Task brief: In the entries below, begin at the line with "Top elaborado en" and stop after the line with "Phó Giáo sư, Tiến"; output those lines exactly and omit the pictures.

Stored data:

════

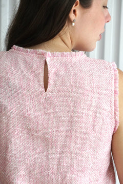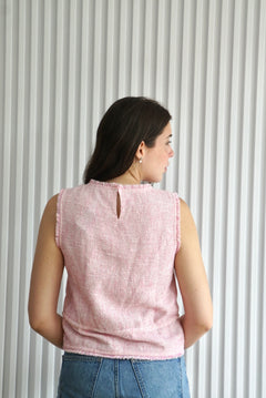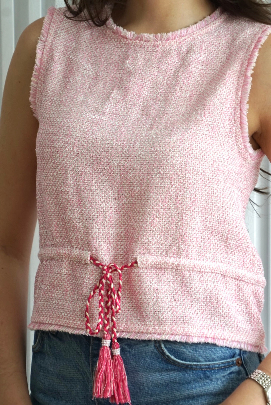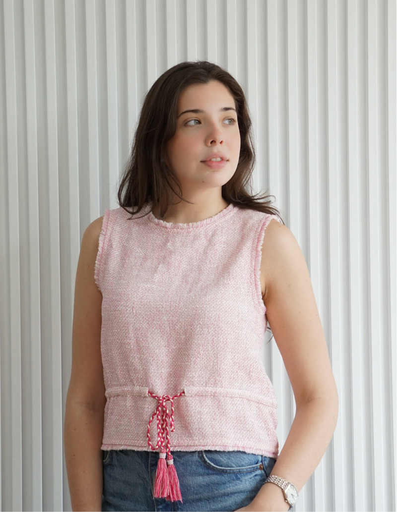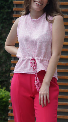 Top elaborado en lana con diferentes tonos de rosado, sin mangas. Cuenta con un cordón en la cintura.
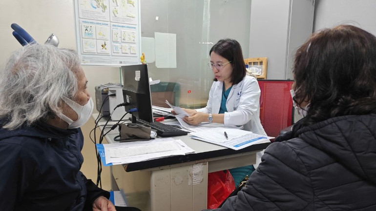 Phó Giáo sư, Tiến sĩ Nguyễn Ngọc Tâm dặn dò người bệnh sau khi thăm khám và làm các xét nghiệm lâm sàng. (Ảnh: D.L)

════

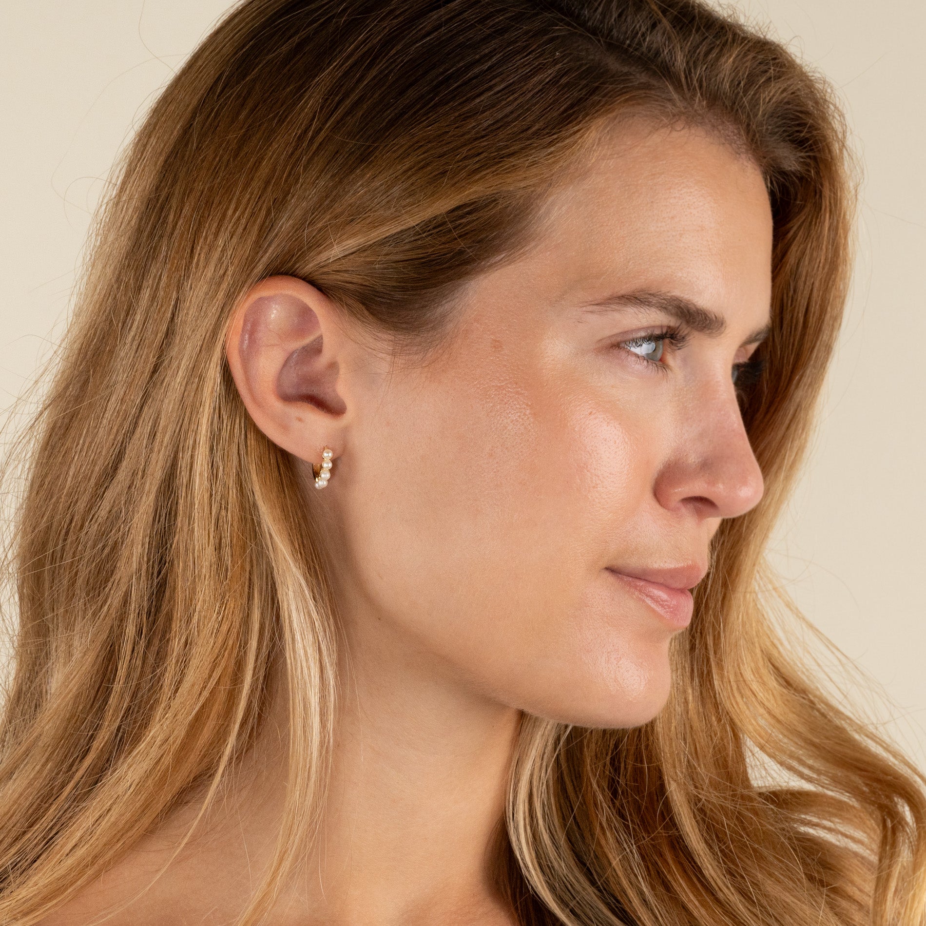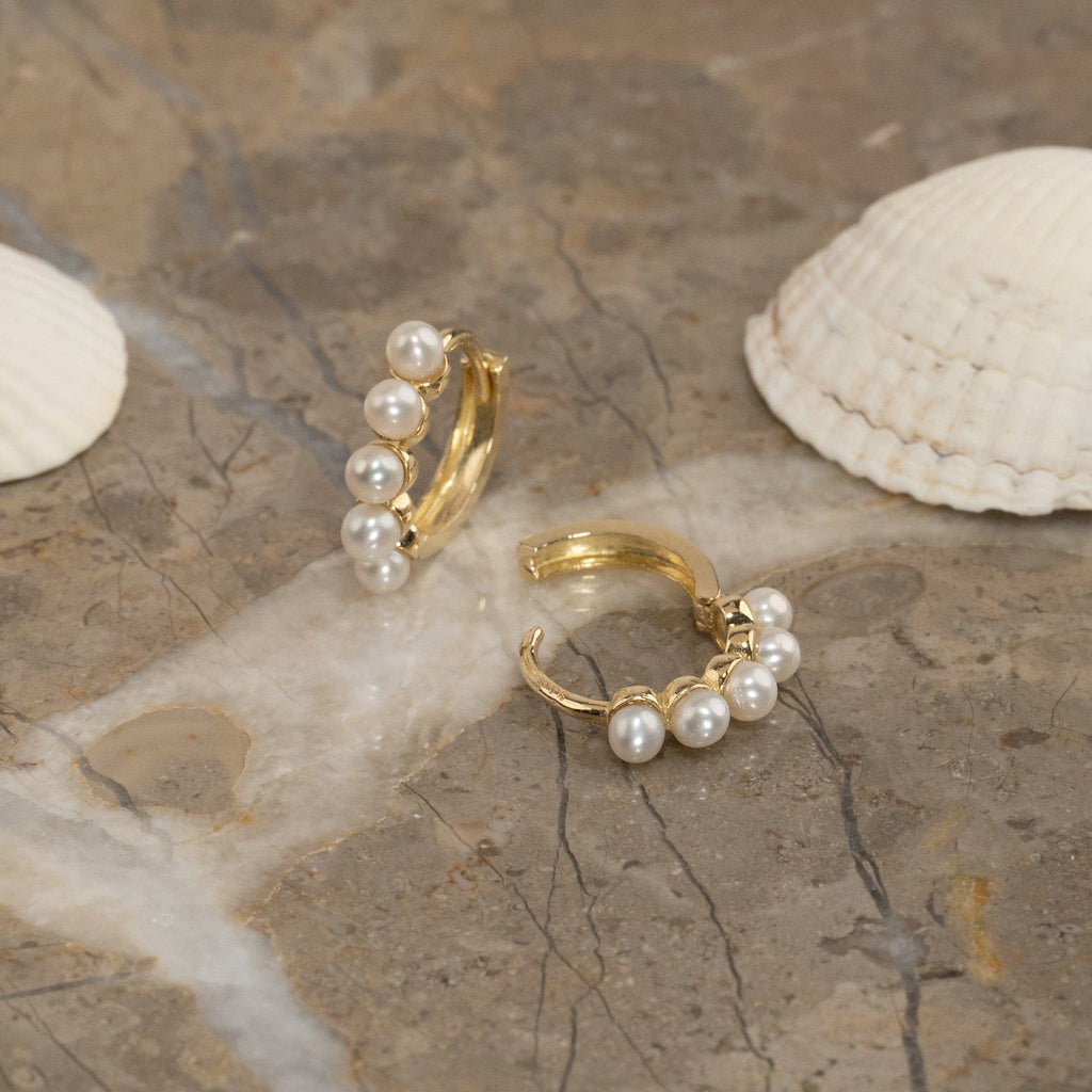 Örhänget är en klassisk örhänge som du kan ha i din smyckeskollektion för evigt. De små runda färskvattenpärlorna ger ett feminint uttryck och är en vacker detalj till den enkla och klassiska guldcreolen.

════

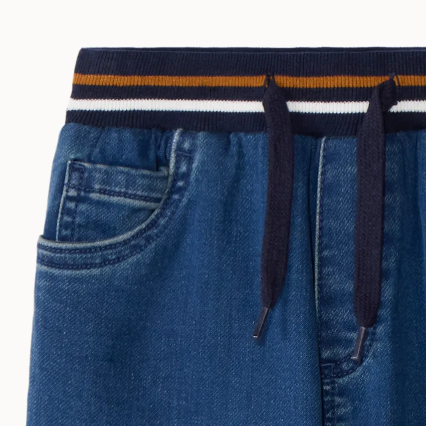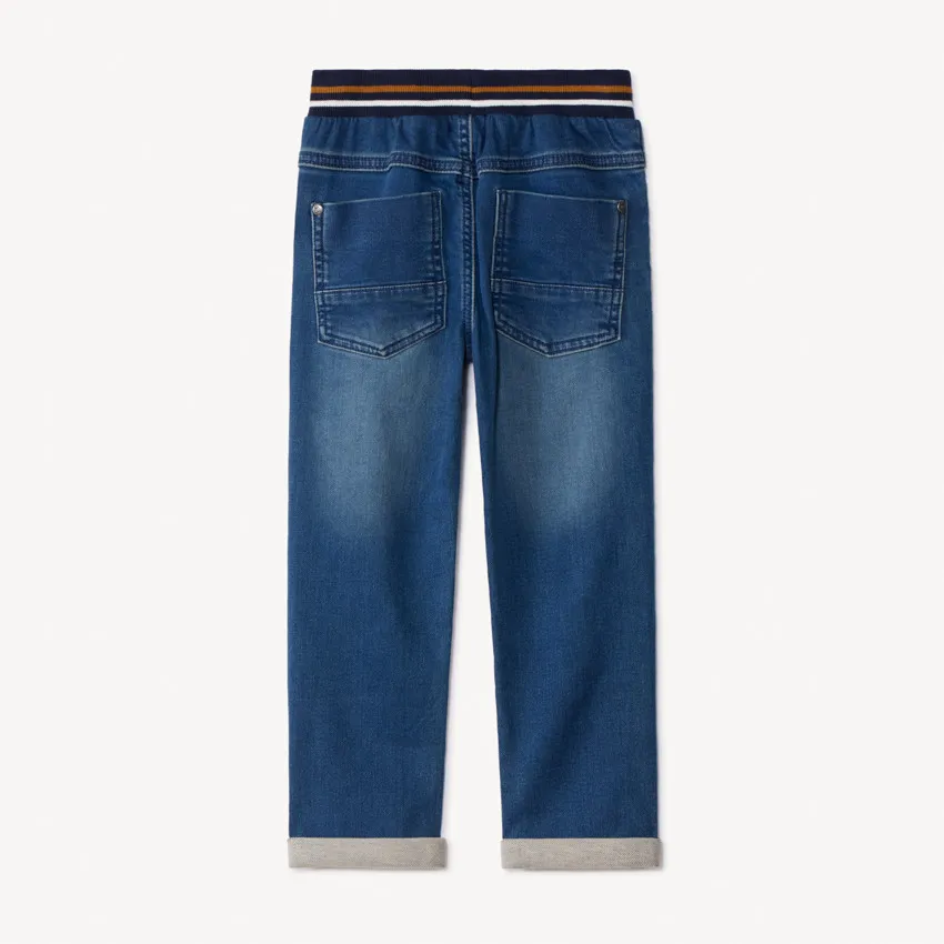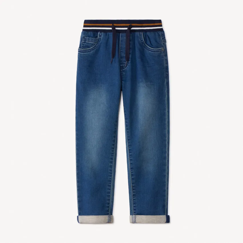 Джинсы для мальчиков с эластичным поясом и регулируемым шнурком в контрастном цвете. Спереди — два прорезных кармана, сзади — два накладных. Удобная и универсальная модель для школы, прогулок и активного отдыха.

════

Result for this exercise:
 Top elaborado en lana con diferentes tonos de rosado, sin mangas. Cuenta con un cordón en la cintura.
 Phó Giáo sư, Tiến sĩ Nguyễn Ngọc Tâm dặn dò người bệnh sau khi thăm khám và làm các xét nghiệm lâm sàng. (Ảnh: D.L)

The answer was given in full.